Since Julius Caesar’s assassination was a group project there were definitely some guys who did just enough stabbing to get a passing grade.
Adding pasta water to my cereal to make the milk stick.
When a pair of scissors hear you’re looking for them
Donkey I Shreked the Kids
I blame cartoon elephants for influencing how I overreact when I see a mouse.
Gandalf: Frodo, you have the fortitude to carry the ring and resist its power.
Frodo: *puts the ring on twice in one hour*
Gandalf: ffs
They said it was a black-tie affair. They should’ve specified that it was a jacket-shirt-underwear-pants-socks-shoes affair.
1st Guy: So it’s agreed we’ll call it “4 Guys Burgers and Fries” .
2nd Guy: I think we should call it “Four Guys” instead of “4 Guys”.
3rd Guy: I agree.
4th Guy: I actually prefer “4 Guys”.
1st Guy: I think we’re going to need a fifth guy.
Anyone: Loose lips sink ships
Me *writing down note*: Tighten ship’s lips.
A lot of birthdays in November. It’s as if there’s some kind of romantic peak in or around mid-February.
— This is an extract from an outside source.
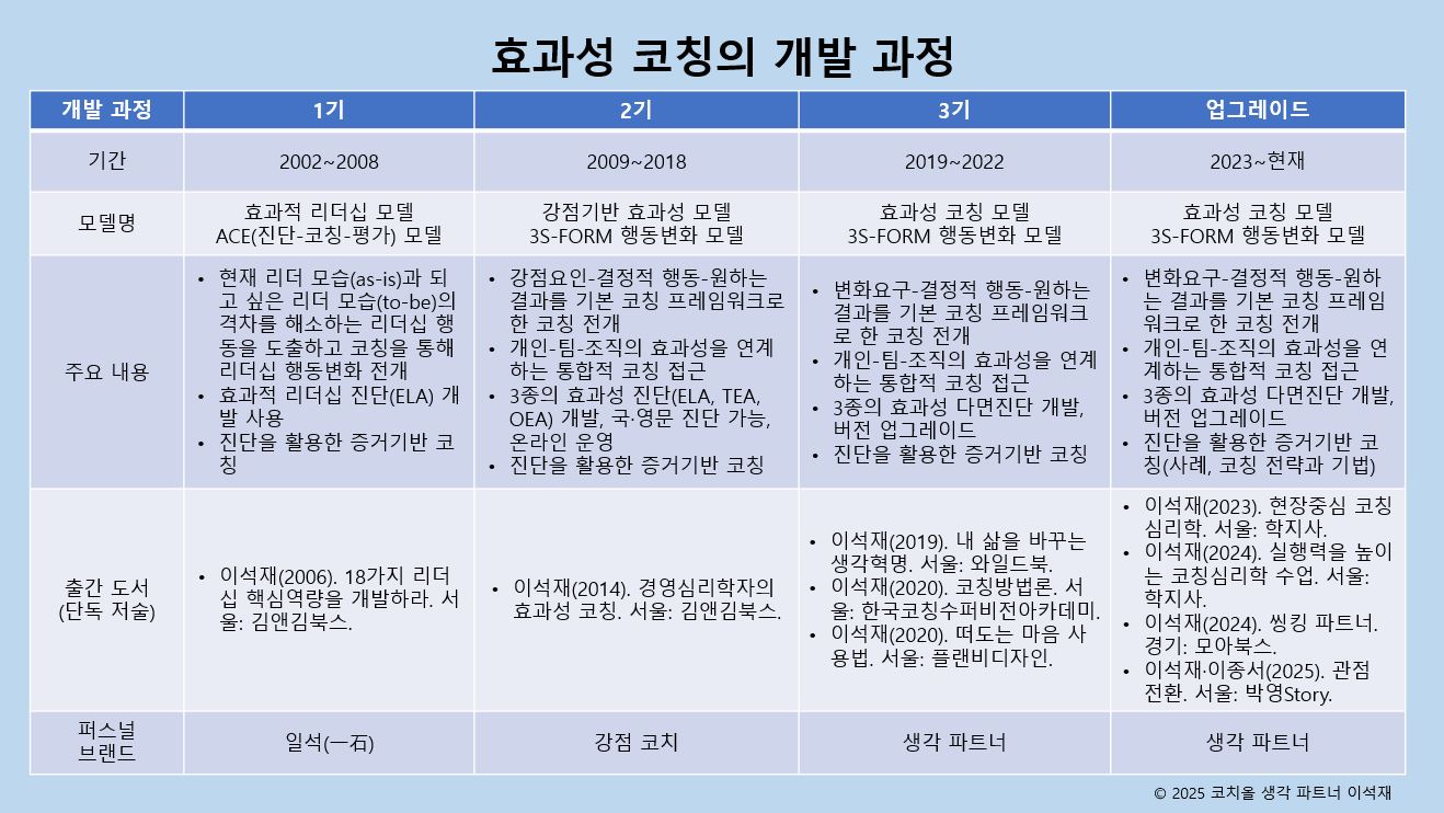 이석재(2020.5). 효과성 코칭 방법론: 개발, 적용과 과제. 한국코칭학회, 25차 춘계학술대화, 주제발표.

I thought PrintNightmare was when your boss caught you using the company photocopier to make your lost goldfish flyers.
“And we’re back at the Baby Walking Finals!”
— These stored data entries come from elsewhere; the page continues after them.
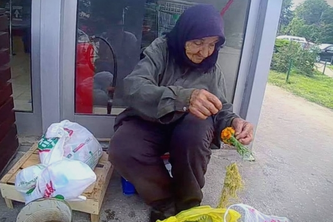 Оваа бабичка продава цвеќиња пред Тинекс маркетот во Карпош 3 и покрај тешката судбината таа вели де цвеќињата ја радуваат. Во статусот кој е објавен на Фејсбук од лицето Горјан Јовановски пишува дека таа останала без ќерката која починала пред 2 години и двете внучиња останале на неа.
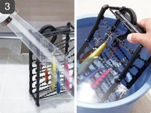 - You can wash the lures with a shower or soak them in water to remove salt while they're still hanging.
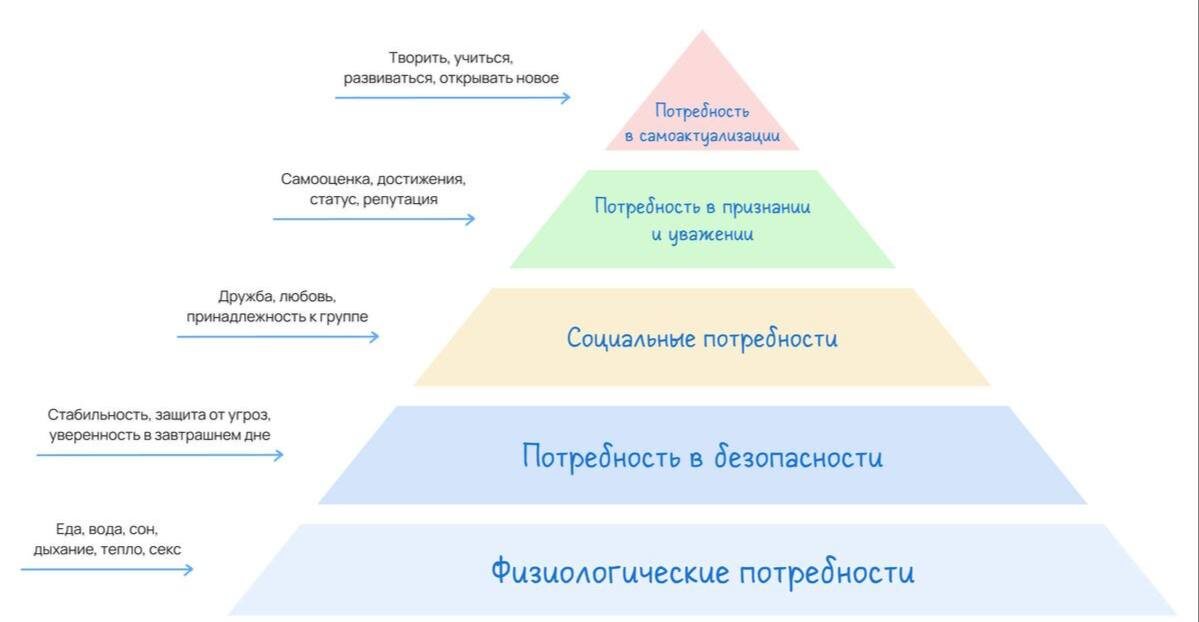 Витальные потребности человека — это базовые жизненно важные условия, без которых невозможно нормальное функционирование организма. К ним относятся сон, питание, потребление воды, обеспечение безопасности и физического комфорта. Согласно пирамиде Маслоу, эти потребности находятся на самом нижнем уровне и являются основой для удовлетворения всех остальных, более сложных потребностей. Если бы я начинала работу с тревожностью, то в первую очередь обратила бы внимание именно на витальные потребности. Отрегулировать режим сна, наладить правильное и регулярное питание, обеспечить достаточное потребление воды — это простые, но важные шаги. Они помогают стабилизировать физиологическое состояние, снижают уровень стресса и создают прочную базу для дальнейшей работы с эмоциональными и психологическими проблемами. Таким образом, прежде чем переходить к глубокой проработке тревожности, стоит убедиться, что витальные потребности удовлетворены, ведь без этого любые психотерапевтические методы буд

“Our next competitor is attempting a 3 inch step…”
“He got his right foot down firmly and the grandparents are impressed. Can he stick the landing?”
“He’s coming down with his left foot and… Ohhhhh he’s fallen flat on his face!”
Of course when Godzilla destroys the city is the same day I wear flip flops and no belt!
Girlfriend: Are you crying?
Me: It’s a wedding episode…
Gf: But you don’t even like this show
Me: Yeah but at first the wedding was cancelled…but they pulled it together…because of love 😭
[Terminator Academy]
Terminator: When you travel to the past you will arrive nude.
Insecurminator: oh no!
Worm: These early birds are decimating our population.
Other worm: I’ve developed some tech that’ll impede their early rising abilities.
Worm: What is it?
Other worm: I call it “a YouTube rabbit hole”
I woke up this morning next to a dead fly that I don’t know. I need to stop drinking.
[Premiere of A River Runs Through It]
Beavers: Booooo!
Producer: What should we do with the deer movie?
Walt Disney: Kill the mom.
P: and the mermaid movie?
WD: Kill the mom.
P: maybe for the lion movie we can do something different?
WD: Oh ok….kill the dad.
What did people count before they counted Mississippis? Mesopotamias? Kathmandus? Cucamongas?